鈴木と中西はいかにも元気な若者で、ザ青春をエンジョイという類いの、まおネット用語でいうところのリア充であった。同じく田代、内藤、彼女らもまた気兼ねなく男性と友達としての距離感で和気あいあいと付き合えるタイプの明るい性格の女子、そういう感じであった。
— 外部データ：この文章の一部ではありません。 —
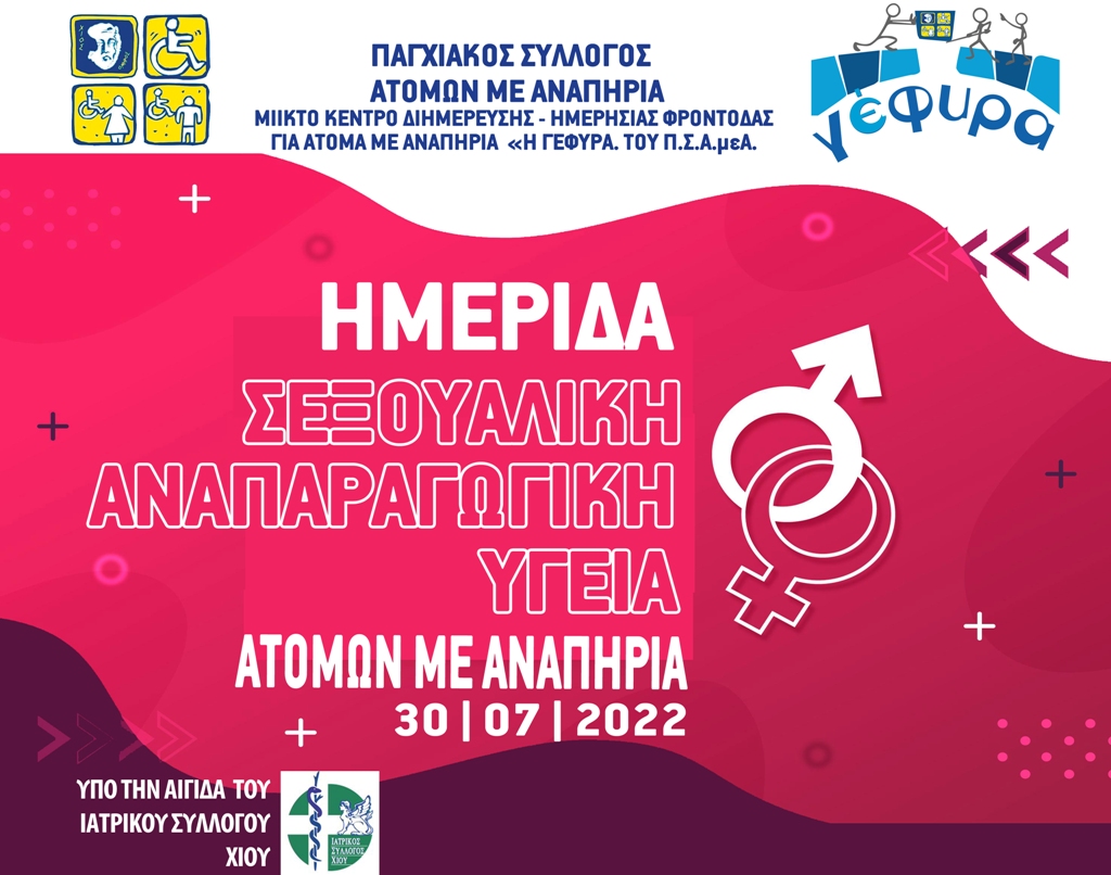 Επιστημονική ημερίδα με θέμα την « Σεξουαλική/Αναπαραγωγική Υγεία Ατόμων με Αναπηρία» διοργανώνει το «Μικτό Κέντρο Διημέρευσης-Ημερήσιας Φροντίδας για ΑμεΑ «Η Γέφυρα» σε συνεργασία με τον Παγχιακό Σύλλογο ΑμεΑ.
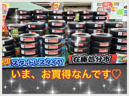 写真1:たくさん並んでるのは冬用タイヤ!現在、在庫処分市を開催中です♪
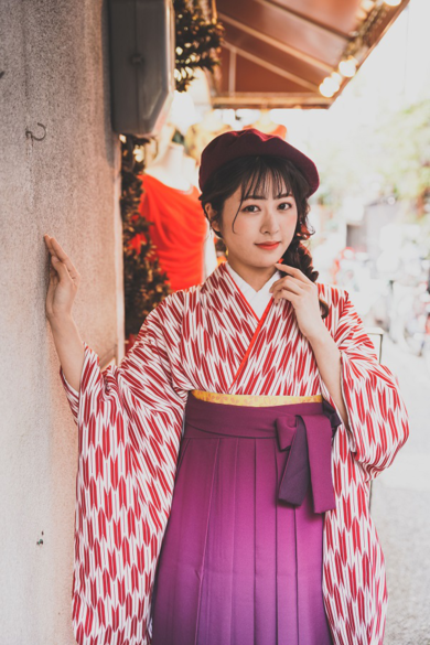 | 着物について | 矢羽根に紫のグラデーション袴 ベレー帽とブーツを合わせてみました はいからさんが通るの紅緒さんになりたいです♪ |
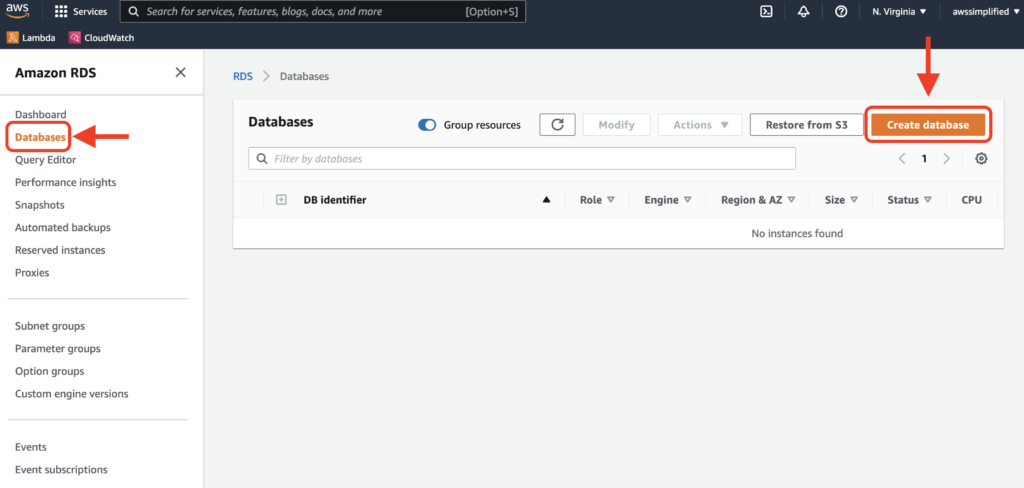 First thing’s first, head over to the AWS RDS (Relational Database Service) console. You can do this by typing in RDS in the AWS search bar or find it under the Database section of AWS services. You should land on the RDS landing page as seen below.
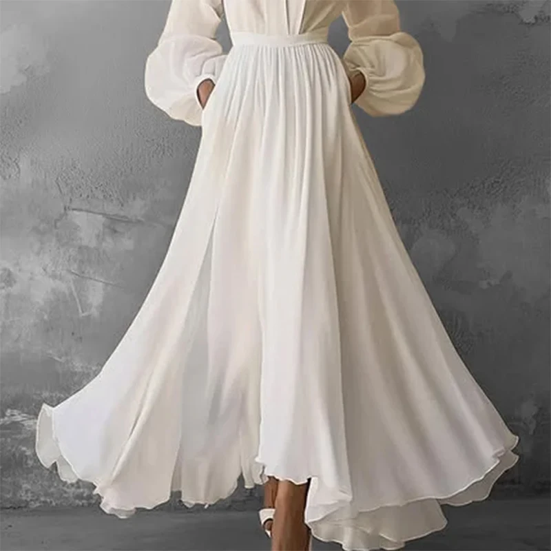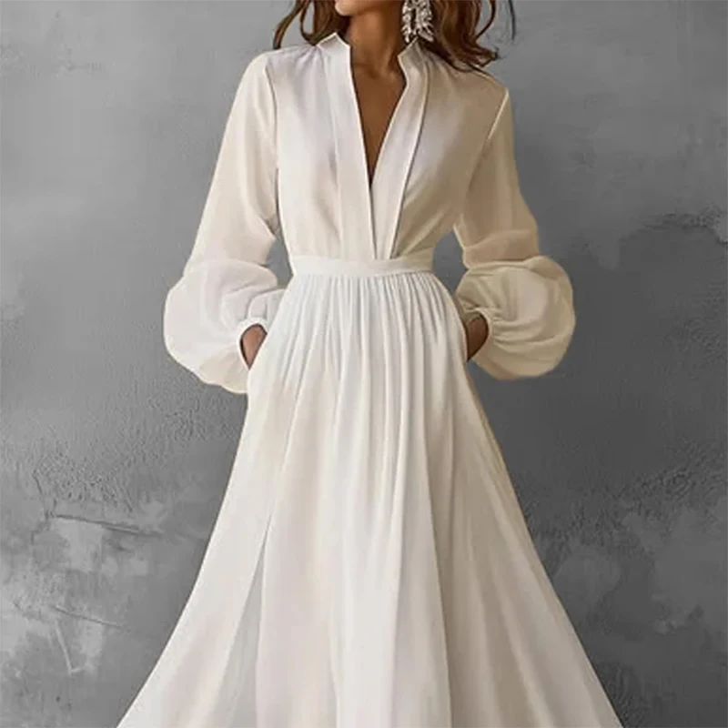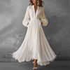 Elegant Deep V Neck Lantern Sleeve Tunic Maxi Dress for Women High Waist Pleated Evening Party Dresses White Dress Vestidos

よくファミレスとか居酒屋で見掛ける様なタイプの仲良し連中である。

「うっす、おれ笠井。よろしく!っ、、、っつっても実は事故ったかなんかで実は何も覚えてなくてこの病院に世話になってるようでね、、まぁ記憶喪失ってヤツで、もしかしてキミたちって俺のこと知ってたりして、、、な、わけないか。」

その男女4人はお互いに目を合わせると、グループのリーダーっぽい鈴木が口を開いた。

「ぁあ、やっぱりそうなんだ、そう、俺たちっていうのは、何というか、まぁ、みんな過去の記憶がないんだよ、みんな。 だから色んな事情があってここに世話になった、そういうことだろう、、・・・って、暗くなるから、こういうのはもう深く考えないようにしようぜ!」

「ああ、まぁ」

それから、下らない話をその輪に加わってお喋りした。

みんな過去の記憶がないにしても、なぜか違和感なく盛り上がり、色々な話をした。

第七節

この病院での生活は、このコミュティセンターと自室の往復であった。